The task: Pull out every line from the listing that has the word "with".

□ □ □ □ □

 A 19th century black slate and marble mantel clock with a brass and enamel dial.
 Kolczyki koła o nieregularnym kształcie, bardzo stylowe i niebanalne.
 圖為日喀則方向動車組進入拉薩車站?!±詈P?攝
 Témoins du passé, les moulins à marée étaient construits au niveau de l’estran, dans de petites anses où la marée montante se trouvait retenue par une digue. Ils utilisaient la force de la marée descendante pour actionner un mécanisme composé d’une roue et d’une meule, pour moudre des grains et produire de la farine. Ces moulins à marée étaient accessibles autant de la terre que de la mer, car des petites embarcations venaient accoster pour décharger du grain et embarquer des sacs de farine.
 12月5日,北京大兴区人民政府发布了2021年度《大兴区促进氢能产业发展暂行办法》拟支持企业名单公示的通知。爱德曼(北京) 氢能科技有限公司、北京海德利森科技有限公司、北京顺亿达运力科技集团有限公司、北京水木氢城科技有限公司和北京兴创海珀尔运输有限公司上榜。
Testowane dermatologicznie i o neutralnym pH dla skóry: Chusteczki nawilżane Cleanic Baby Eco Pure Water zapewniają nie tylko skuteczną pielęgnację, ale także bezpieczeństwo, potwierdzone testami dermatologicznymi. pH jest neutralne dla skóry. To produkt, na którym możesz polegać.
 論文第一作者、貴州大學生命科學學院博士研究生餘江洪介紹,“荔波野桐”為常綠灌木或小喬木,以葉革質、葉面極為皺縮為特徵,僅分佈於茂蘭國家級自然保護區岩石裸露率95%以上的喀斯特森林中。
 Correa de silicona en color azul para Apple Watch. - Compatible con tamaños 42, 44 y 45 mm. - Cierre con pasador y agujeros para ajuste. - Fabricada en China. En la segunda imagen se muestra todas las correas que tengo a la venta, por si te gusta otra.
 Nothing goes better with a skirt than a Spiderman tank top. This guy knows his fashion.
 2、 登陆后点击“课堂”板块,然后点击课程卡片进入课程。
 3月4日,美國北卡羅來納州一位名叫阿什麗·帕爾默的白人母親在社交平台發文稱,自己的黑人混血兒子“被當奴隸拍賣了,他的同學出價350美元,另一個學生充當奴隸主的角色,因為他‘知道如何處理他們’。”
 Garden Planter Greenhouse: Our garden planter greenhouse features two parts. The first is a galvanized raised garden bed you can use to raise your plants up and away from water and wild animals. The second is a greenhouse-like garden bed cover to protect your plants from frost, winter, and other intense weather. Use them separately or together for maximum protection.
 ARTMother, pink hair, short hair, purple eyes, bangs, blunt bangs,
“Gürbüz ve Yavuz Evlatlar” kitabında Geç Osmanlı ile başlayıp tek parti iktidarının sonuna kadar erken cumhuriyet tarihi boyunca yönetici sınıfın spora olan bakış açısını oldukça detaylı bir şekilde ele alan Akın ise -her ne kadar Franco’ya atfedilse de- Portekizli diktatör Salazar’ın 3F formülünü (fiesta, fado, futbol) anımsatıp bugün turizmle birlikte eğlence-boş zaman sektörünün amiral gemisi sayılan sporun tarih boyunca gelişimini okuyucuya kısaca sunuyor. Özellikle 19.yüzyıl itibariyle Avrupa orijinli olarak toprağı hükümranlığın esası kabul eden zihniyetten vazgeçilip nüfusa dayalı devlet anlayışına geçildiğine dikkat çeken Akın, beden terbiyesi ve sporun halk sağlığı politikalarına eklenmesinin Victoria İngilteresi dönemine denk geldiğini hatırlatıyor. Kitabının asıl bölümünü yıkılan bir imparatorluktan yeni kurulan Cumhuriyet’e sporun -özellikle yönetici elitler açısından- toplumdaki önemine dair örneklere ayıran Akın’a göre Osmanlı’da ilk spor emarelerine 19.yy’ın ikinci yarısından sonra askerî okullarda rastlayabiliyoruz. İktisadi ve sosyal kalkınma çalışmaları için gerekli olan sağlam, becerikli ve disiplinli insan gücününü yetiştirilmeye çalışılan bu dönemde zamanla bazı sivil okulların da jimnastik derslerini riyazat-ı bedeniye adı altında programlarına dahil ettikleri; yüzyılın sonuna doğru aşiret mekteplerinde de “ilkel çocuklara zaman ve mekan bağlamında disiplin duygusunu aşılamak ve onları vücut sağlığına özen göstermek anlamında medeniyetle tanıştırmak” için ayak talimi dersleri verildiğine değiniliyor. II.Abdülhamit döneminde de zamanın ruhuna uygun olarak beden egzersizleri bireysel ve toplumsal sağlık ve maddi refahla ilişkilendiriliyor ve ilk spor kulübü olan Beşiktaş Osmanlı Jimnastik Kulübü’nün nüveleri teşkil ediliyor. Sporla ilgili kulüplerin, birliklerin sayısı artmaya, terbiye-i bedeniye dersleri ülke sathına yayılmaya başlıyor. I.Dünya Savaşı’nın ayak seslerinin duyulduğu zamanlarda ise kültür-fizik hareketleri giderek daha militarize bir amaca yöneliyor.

□ □ □ □ □

Response area:
 A 19th century black slate and marble mantel clock with a brass and enamel dial.
 Nothing goes better with a skirt than a Spiderman tank top. This guy knows his fashion.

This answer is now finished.